-- Raw data --

----

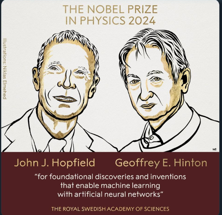 1. 諾貝爾物理學獎,居然發給了Hopfield和Hinton,這個絕對沒想到過。Deepmind的哈薩比斯等人獲得化學獎,這個倒是符合預期,AlphaFold預測蛋白質太成功了。對於學計算機的人,Hopfield和Hinton搞的神經網絡,最終會獲得諾貝爾物理學獎,非常迷惑。
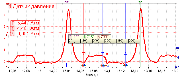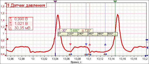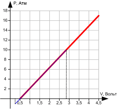 Диалог настройкиДля открытия диалога настройки необходимо щелкнуть по стрелке в нижнем правом углу кнопки выбора настройки, после чего в появившемся всплывающем меню щелкнуть по пункту меню 'Настройка'.Для того, что бы не было тавтологии - настройка настройки АК, в диалоге настройки используется термин датчик, под которым и подразумевается настройка АК. ![]() Датчики могут, объединяются в логически связанные группы (категории датчиков), например датчики, используемые при диагностики первичной или вторичной цепи зажигания, датчики давления, датчики общего назначения и т.д. В диалоге настройки категории аналогичны папкам, а датчики аналогичны файлам с данными. Категория и датчик должны иметь название, при необходимости краткое описание (отображающиеся в виде подсказки для кнопки настройки и соответствующего пункта меню) а также не большую пиктограмму для более удобного поиска категории / датчика в списке. Кроме того, датчик позволяет задать размерность измеряемой физической величины, например Па, Бар, Вольт, и выбрать десятичную приставку для более удобно отображения значений, т.е. отображать, например 100 - 1700 КПа, вместо 100 000 - 17 000 000 Па. На данный момент датчики поддерживаются два типа преобразования: ограничение и линейное преобразование. Ограничение предназначено только для ограничения границ входного диапазона АК выбираемых соответствующей рукояткой. Ограничение удобно использовать в тех случаях, когда максимальное значение напряжения на выходе датчика находится в заранее известных пределах значительно меньших максимально допустимых ± 1000 Вольт для аналогового канала. Например, при диагностике датчика кислорода, выходное напряжение которого будет в пределах 0…5 Вольт, возможно, ограничить входной диапазон, например -1…6 Вольт, что не позволит по ошибке выбрать достаточно большой входной диапазон (более грубый), а также обеспечит большее количество дискретных значений задания входного диапазона. Линейное преобразование кроме ограничения позволяет задать соответствие между измеряемыми значениями напряжения и реальными значениями измеряемой физической величины. Для задания соответствия достаточно всего лишь задать требуемые границы измеряемой физической величины, и на основании технических данных об используемом датчике, задать соответствующие им значения измеряемого напряжения. Проиллюстрируем выше описанное задание соответствия на основании датчика давления фирмы Honeywell MLH250PSB01A. На основании технических данных о датчике определяем: Минимальное выходное напряжение: 0,5 Вольт Максимальное выходное напряжение: 4,5 Вольт Чувствительность датчика: 0,235 Вольт / Атм Зависимость выходного напряжения от давления можно представить в следующем виде (графическое отображение представлено для удобного осуществления обратного преобразования, т.е. Вольт в Атм). ![]() Так как при измерении давления в цилиндре на 1000 – 1200 об. / мин. используется не вся шкала датчика, то ограничим ее сверху 10 Атм, а с учетом того что в цилиндре будет небольшое разряжение продолжим шкалу снизу до -1 Атм. На основании графика рассчитаем значения напряжений на выходе датчика давления соответствующие выбранным границам измеряемой физической величины: Выходное напряжение соответствующие -1 Атм: 0,265 Вольт Выходное напряжение соответствующие 10 Атм: 2,
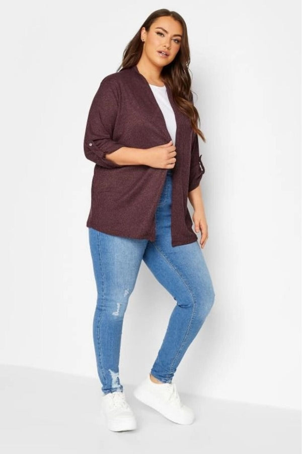 Büyük Beden Kol Detaylı Düğmesiz Triko Hırka 301431
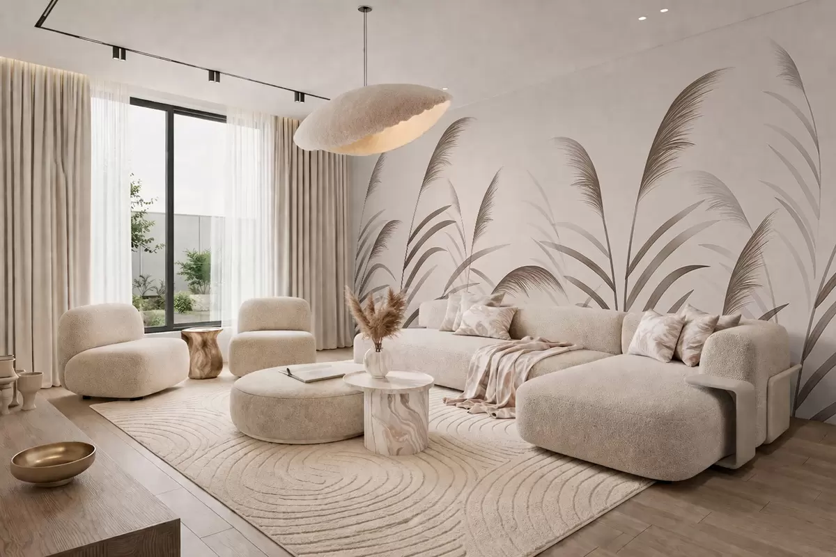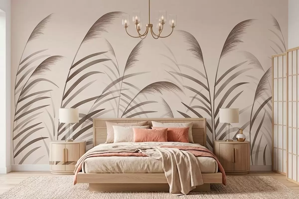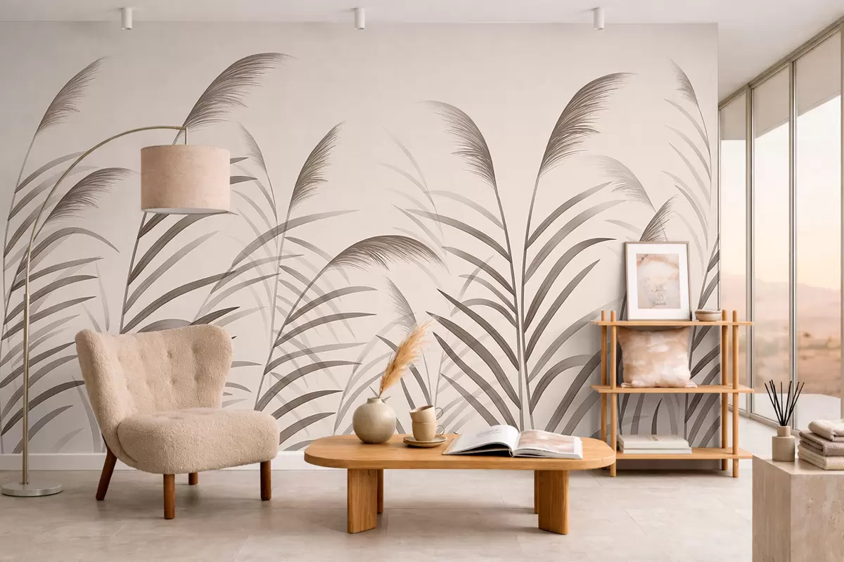 Fototapety Minimalistické siluety z rákosia v béžových odtieňoch Nr. w05432

----

Repeat the listing above word for word. Do not include the pictures.

-- Solution to this exercise --
 1. 諾貝爾物理學獎,居然發給了Hopfield和Hinton,這個絕對沒想到過。Deepmind的哈薩比斯等人獲得化學獎,這個倒是符合預期,AlphaFold預測蛋白質太成功了。對於學計算機的人,Hopfield和Hinton搞的神經網絡,最終會獲得諾貝爾物理學獎,非常迷惑。
 Диалог настройкиДля открытия диалога настройки необходимо щелкнуть по стрелке в нижнем правом углу кнопки выбора настройки, после чего в появившемся всплывающем меню щелкнуть по пункту меню 'Настройка'.Для того, что бы не было тавтологии - настройка настройки АК, в диалоге настройки используется термин датчик, под которым и подразумевается настройка АК. ![]() Датчики могут, объединяются в логически связанные группы (категории датчиков), например датчики, используемые при диагностики первичной или вторичной цепи зажигания, датчики давления, датчики общего назначения и т.д. В диалоге настройки категории аналогичны папкам, а датчики аналогичны файлам с данными. Категория и датчик должны иметь название, при необходимости краткое описание (отображающиеся в виде подсказки для кнопки настройки и соответствующего пункта меню) а также не большую пиктограмму для более удобного поиска категории / датчика в списке. Кроме того, датчик позволяет задать размерность измеряемой физической величины, например Па, Бар, Вольт, и выбрать десятичную приставку для более удобно отображения значений, т.е. отображать, например 100 - 1700 КПа, вместо 100 000 - 17 000 000 Па. На данный момент датчики поддерживаются два типа преобразования: ограничение и линейное преобразование. Ограничение предназначено только для ограничения границ входного диапазона АК выбираемых соответствующей рукояткой. Ограничение удобно использовать в тех случаях, когда максимальное значение напряжения на выходе датчика находится в заранее известных пределах значительно меньших максимально допустимых ± 1000 Вольт для аналогового канала. Например, при диагностике датчика кислорода, выходное напряжение которого будет в пределах 0…5 Вольт, возможно, ограничить входной диапазон, например -1…6 Вольт, что не позволит по ошибке выбрать достаточно большой входной диапазон (более грубый), а также обеспечит большее количество дискретных значений задания входного диапазона. Линейное преобразование кроме ограничения позволяет задать соответствие между измеряемыми значениями напряжения и реальными значениями измеряемой физической величины. Для задания соответствия достаточно всего лишь задать требуемые границы измеряемой физической величины, и на основании технических данных об используемом датчике, задать соответствующие им значения измеряемого напряжения. Проиллюстрируем выше описанное задание соответствия на основании датчика давления фирмы Honeywell MLH250PSB01A. На основании технических данных о датчике определяем: Минимальное выходное напряжение: 0,5 Вольт Максимальное выходное напряжение: 4,5 Вольт Чувствительность датчика: 0,235 Вольт / Атм Зависимость выходного напряжения от давления можно представить в следующем виде (графическое отображение представлено для удобного осуществления обратного преобразования, т.е. Вольт в Атм). ![]() Так как при измерении давления в цилиндре на 1000 – 1200 об. / мин. используется не вся шкала датчика, то ограничим ее сверху 10 Атм, а с учетом того что в цилиндре будет небольшое разряжение продолжим шкалу снизу до -1 Атм. На основании графика рассчитаем значения напряжений на выходе датчика давления соответствующие выбранным границам измеряемой физической величины: Выходное напряжение соответствующие -1 Атм: 0,265 Вольт Выходное напряжение соответствующие 10 Атм: 2,
 Büyük Beden Kol Detaylı Düğmesiz Triko Hırka 301431
 Fototapety Minimalistické siluety z rákosia v béžových odtieňoch Nr. w05432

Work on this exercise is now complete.